There are other factors at play. The risks of cross-country skiing are less noticeable than other sports. Crash your mountain bike, get maytagged in a white water hole, or take a climbing whisk and the feedback is consistent. After a few mistakes, you know the results. But avalanches don’t work that way. We got out in March and drove along the avalanche road. It’s not an avalanche. We are rewarded with positive emotions throughout the month. Then we go out next December, and it slides, with possibly deadly results. Our mountains and our minds are full of slopes “that never slide” until they do.

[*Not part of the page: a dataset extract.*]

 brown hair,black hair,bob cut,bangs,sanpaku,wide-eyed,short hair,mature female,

Sarah Carpenter, an instructor and co-owner of the American Avalanche Institute, attributes much of our decision-to adopt outside the country-to this conflicting feedback. “More users and social media also play a role,” says Carpenter, who teaches at Jackson, ” but it’s the inconsistent nature of Avalanches that has increased the risk tolerance of mountain communities. At Tetons, I like to say that “meaningful” is the new ” moderate.”the more skis in these conditions and unprecedented terrain [[,]] the more it distorts your perspective.Research supports this, Carpenter says. If you ask an experienced skier and a beginner to measure the angle of the slope with the naked eye, which is crucial for determining avalanche terrain, experienced skiers will underestimate the field and beginners will overestimate it.

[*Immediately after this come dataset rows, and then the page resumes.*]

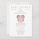 Niedliche kleine Pink Baby Owl Baby Girl Dusche Einladungen mit Pink Polka Dot Pink Border einfach modern minimalistisch,
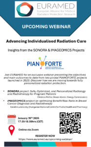 EURAMED’s free winter webinar will present 2 projects advancing individualised radiation protection for breast cancer and pregnant patients, SONORA and IMAGEOMICS, which were selected for funding under the PIANOFORTE initiative’s open calls. Please see the flyer below or our Upcoming Webinar page for registration and programme information.
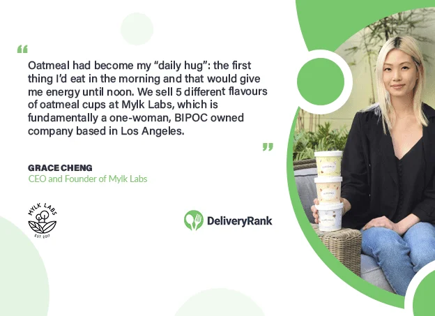 Mylk Labs is fundamentally a one-woman, BIPOC-owned company based in Los Angeles. We sell five different flavors of oatmeal cups, including Toasted Coconut & Cinnamon, Apple, Blueberry, Hazelnut, and Almond.
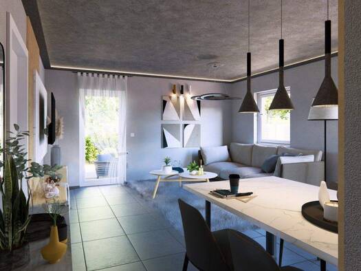 Aufschließen, eintreten und wohlfühlen - willkommen in einem Zuhause, das modernes Wohnen mit höchstem Komfort vereint. Schon der einladende Eingangsbereich mit edlen Fliesen in Marmoroptik schafft e...
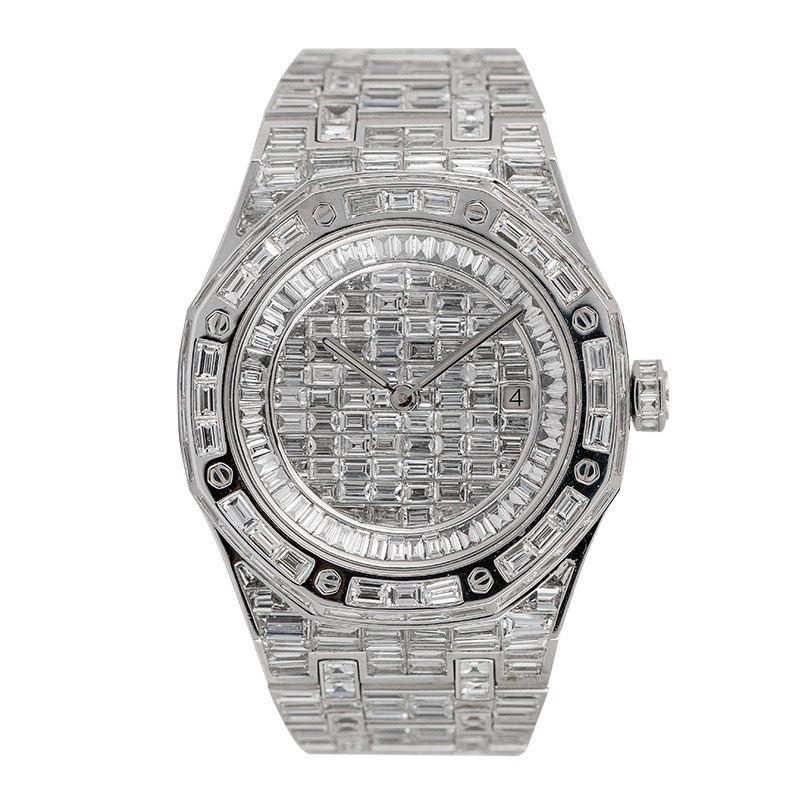 Full Iced Out Baguette Cut Diamond Watch for Men, Gold Hip Hop Style Birthday Gift Wrist Watch
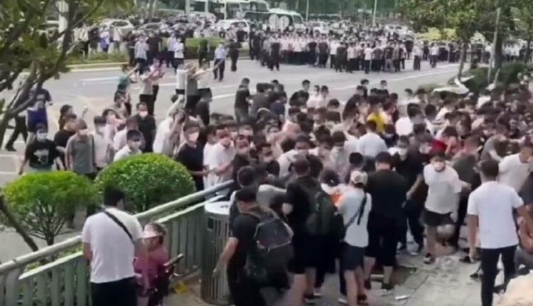 Demonstration repressed by the police in front of the Bank of China in #Zhengzhou. Thousands of small savers have not been able to withdraw money from their banks since April. Last month, the authorities deactivated the health passes of savers preparing to demonstrate #China pic.twitter.com/6c9CntGH4C
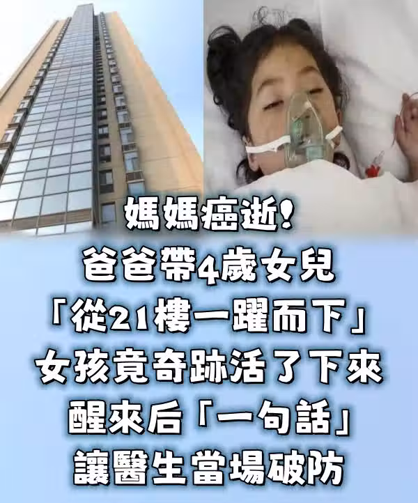 媽媽癌逝!爸爸帶4歲女兒「從21樓一躍而下」女孩竟奇蹟活了下來,醒來後「一句話...」讓醫生當場破防!

None of this means that self-identified field skiers should use my approach to skiing. It’s easy for me to resist the challenge of rocks at the beginning of the season, I lost a friend in an avalanche at the beginning of the season, and another friend was almost paralyzed after hitting rocks at the beginning of the season, but I fully understand the desire. So is the care at the center of the Colorado avalanche. He’s from Carbondale and sees it as more than a mountain town. “It’s natural to want to go from mountain biking straight to cross-country skiing,” he says. “Dirty brachial stations can knock you off your feet. You feel overwhelmed. But I think patience is reasonable. You don’t want to end your season hitting the rock.or, needless to say, but it still has to be written, causing a life-threatening avalanche.

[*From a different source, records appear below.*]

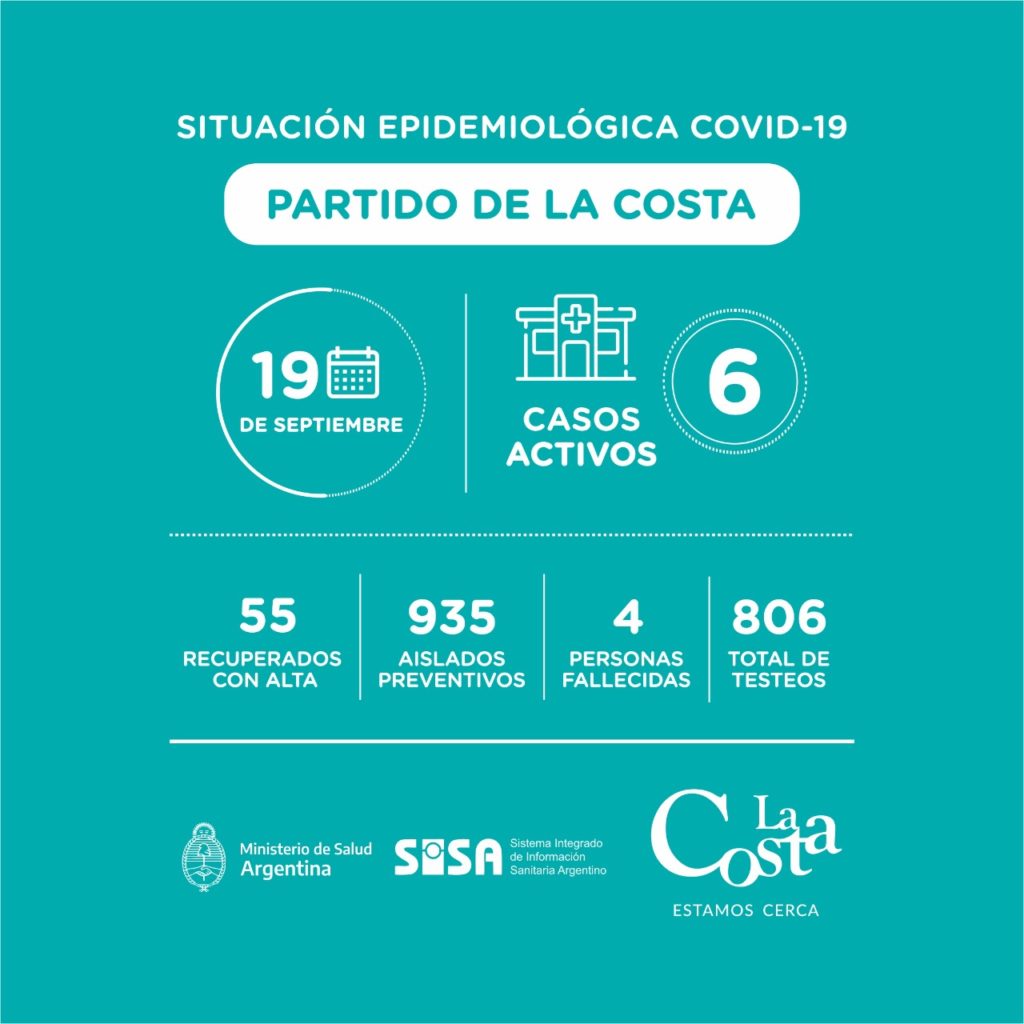 Recordamos que al día de hoy tenemos 6 casos activos entre los 100.000 habitantes del Partido de La Costa y que suman 55 los costeros y costeras con alta médica.
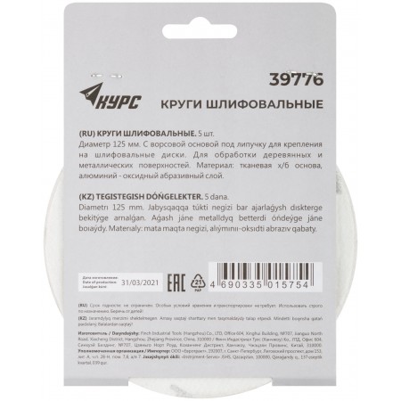 D=125 мм. Цена за набор 5 шт. На тканевой основе с липучкой. Для обработки плоских поверхностей. Материал: абразивный слой из оксида алюминия. Упаковка: картонный конверт.
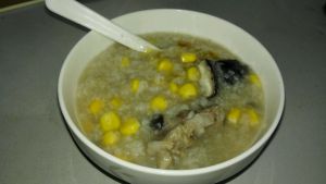 先将排骨洗净,用水焯一次,然后放入砂锅内,加入开水适量,再加入洗净的玉米粒与撕碎的鲜香菇即可。盖上盖子小火煲3个小时。煲汤的同时将大米用冷水浸泡,便于快速将粥煮开花。

However, it did not come to his passion. This is also not the message that the avalanche experts I spoke to wanted to convey. Once you’re sure you can avoid rocks and stumps, there’s no need to delay the season any longer. You just need to be deliberate in your decision-making. “You have to choose the right land, given the available conditions,” Birkeland says. “Even with significant or high danger, you can find low-angle shadows that are well clear of avalanche slopes. You can have a great day. And over time, you can have a great season. The good thing about avalanche conditions is that they eventually change.”